** Opening MATERIAL FOR THIS TASK block **

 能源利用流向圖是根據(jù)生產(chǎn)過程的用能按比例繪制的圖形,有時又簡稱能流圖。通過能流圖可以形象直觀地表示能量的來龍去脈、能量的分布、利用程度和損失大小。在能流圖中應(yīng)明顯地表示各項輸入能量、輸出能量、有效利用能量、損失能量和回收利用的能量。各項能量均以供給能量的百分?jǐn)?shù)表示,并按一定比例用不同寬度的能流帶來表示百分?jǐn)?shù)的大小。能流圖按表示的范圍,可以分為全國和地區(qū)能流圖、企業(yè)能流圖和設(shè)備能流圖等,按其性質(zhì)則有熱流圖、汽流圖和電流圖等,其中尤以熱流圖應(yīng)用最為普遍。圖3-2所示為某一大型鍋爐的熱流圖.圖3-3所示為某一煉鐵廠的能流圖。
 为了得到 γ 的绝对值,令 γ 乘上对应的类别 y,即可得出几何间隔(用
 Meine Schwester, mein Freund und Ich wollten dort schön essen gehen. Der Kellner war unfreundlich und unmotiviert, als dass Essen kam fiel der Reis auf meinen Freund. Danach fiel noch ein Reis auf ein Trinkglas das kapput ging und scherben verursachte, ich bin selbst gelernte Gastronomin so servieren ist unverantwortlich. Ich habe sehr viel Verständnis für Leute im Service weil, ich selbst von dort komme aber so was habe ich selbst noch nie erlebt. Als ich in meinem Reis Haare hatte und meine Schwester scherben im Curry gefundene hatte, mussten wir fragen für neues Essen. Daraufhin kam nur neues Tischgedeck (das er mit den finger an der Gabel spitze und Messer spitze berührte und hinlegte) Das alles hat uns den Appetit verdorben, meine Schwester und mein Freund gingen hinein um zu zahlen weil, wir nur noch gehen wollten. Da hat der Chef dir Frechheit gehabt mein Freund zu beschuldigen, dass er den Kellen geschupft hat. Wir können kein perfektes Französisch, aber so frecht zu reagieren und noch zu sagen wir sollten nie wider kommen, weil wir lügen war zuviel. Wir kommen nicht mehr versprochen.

** Closing MATERIAL FOR THIS TASK block **
** Opening MATERIAL FOR THIS TASK block **

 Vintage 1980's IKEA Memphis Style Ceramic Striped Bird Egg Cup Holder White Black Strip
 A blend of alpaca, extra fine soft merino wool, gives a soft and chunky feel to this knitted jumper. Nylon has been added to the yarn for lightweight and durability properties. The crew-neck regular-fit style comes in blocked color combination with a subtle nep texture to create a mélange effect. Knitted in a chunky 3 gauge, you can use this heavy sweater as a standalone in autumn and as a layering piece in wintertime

** Closing MATERIAL FOR THIS TASK block **
** Opening MATERIAL FOR THIS TASK block **

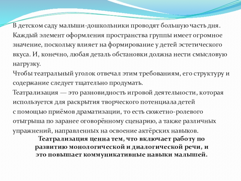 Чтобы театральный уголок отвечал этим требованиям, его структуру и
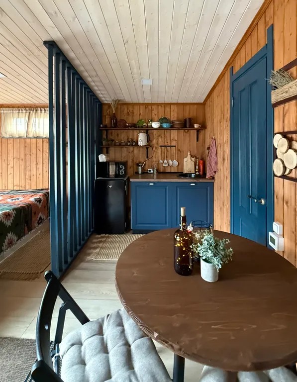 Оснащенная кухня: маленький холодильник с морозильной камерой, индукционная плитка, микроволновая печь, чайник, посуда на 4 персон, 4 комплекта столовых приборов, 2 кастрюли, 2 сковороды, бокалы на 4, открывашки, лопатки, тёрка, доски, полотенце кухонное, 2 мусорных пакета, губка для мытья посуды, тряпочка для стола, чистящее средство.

** Closing MATERIAL FOR THIS TASK block **

**ACTIVITY**
Starting with the line with "能源利用流向圖是根據(jù)" above and going on through the line with "为了得到 γ 的绝对值,令 γ 乘上对应的类别 y,即可得出几何间隔(用", transcribe every line exactly, both ends included, and add nothing.

**WRITTEN SOLUTION**
 能源利用流向圖是根據(jù)生產(chǎn)過程的用能按比例繪制的圖形,有時又簡稱能流圖。通過能流圖可以形象直觀地表示能量的來龍去脈、能量的分布、利用程度和損失大小。在能流圖中應(yīng)明顯地表示各項輸入能量、輸出能量、有效利用能量、損失能量和回收利用的能量。各項能量均以供給能量的百分?jǐn)?shù)表示,并按一定比例用不同寬度的能流帶來表示百分?jǐn)?shù)的大小。能流圖按表示的范圍,可以分為全國和地區(qū)能流圖、企業(yè)能流圖和設(shè)備能流圖等,按其性質(zhì)則有熱流圖、汽流圖和電流圖等,其中尤以熱流圖應(yīng)用最為普遍。圖3-2所示為某一大型鍋爐的熱流圖.圖3-3所示為某一煉鐵廠的能流圖。
 为了得到 γ 的绝对值,令 γ 乘上对应的类别 y,即可得出几何间隔(用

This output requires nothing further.